VI.

To the left, the Cathedral, one compensation at least for all the rest. What combination of characteristics is it that makes the Spaniard such a marvellous builder, and, at the same time, such a wretched maintainer? He builds a Cathedral to be a joy for all time; its lines fall into beauty as naturally as the bird’s flight toward its nest. Whatever he builds, he builds for posterity; simply, beautifully, gracefully. Even his straight rows of hemmed-in city houses have a touch of beauty about them somewhere; and in the Cathedral, his true artistic sense finds full expression. Close at hand the noble Campanile, swung with ancient bells, watches in serene dignity and beauty the moving, streaming life below. Sweet lines, harmonious to the eye, lift the Cathedral from the hideous dirt and unkempt streets; from the whirling dust and circling buzzards, to a sphere of forgetfulness, where beauty struggles for the supremacy she holds with royal hand so long as we continue to gaze upward.

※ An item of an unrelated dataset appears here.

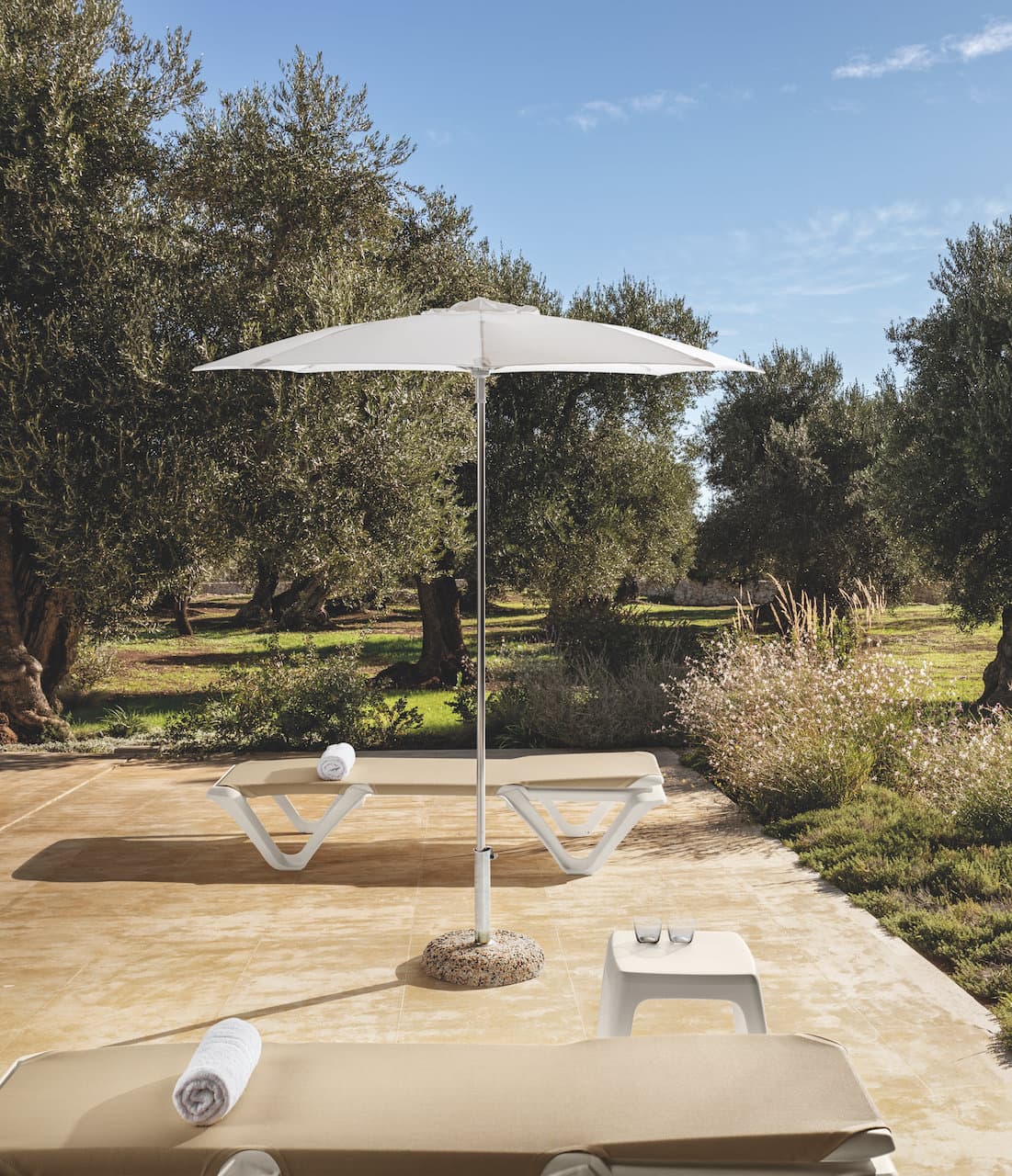 Il tavolino BALI, sempre realizzato in polipropilene, si accompagna seguendo i colori disponibili per la struttura del lettino. La collezione BALI è completata dall’ombrellonein tessuto acrilico con struttura in acciaio, disponibile in 2 versioni: tondo con diametro di 2,5 m oppure quadrato con lato da 2 m.

But once let our eyes leave the mountains and the Tower, and it all changes into that other picture, the other side of the life of that curious compound of traits, the Spaniard. For here, South American as he calls himself, down deep in his heart he is ever the Spaniard, and although he has claimed his independence of the mother country these many years, through the heroic victories of Bolivar and his brave associates, his characteristics are Spanish, his arts are Spanish, his life is Spanish; his glorious Cathedral is Spanish, and his horrible streets are Spanish; his magnificent statue of Bolivar is Spanish, and the dowdy, dusty garden about it is Spanish. Was he ever intended to be a householder? Should not his portion be to beautify the earth by his artistic intuition, and let the rest of us, who do not comprehend the A B C of his art, be the cleaners and the menders? Is not this a people left like children to build up the semblance of a government from the wrong stuff? Will not the world in time come to see that one race cannot be all things; that some must be artists, and some mechanics; that some must be leaders, and others followers; that some will be the builders of beauty, to last for all time, and others must be the guardians of health, the makers of strong, clean men?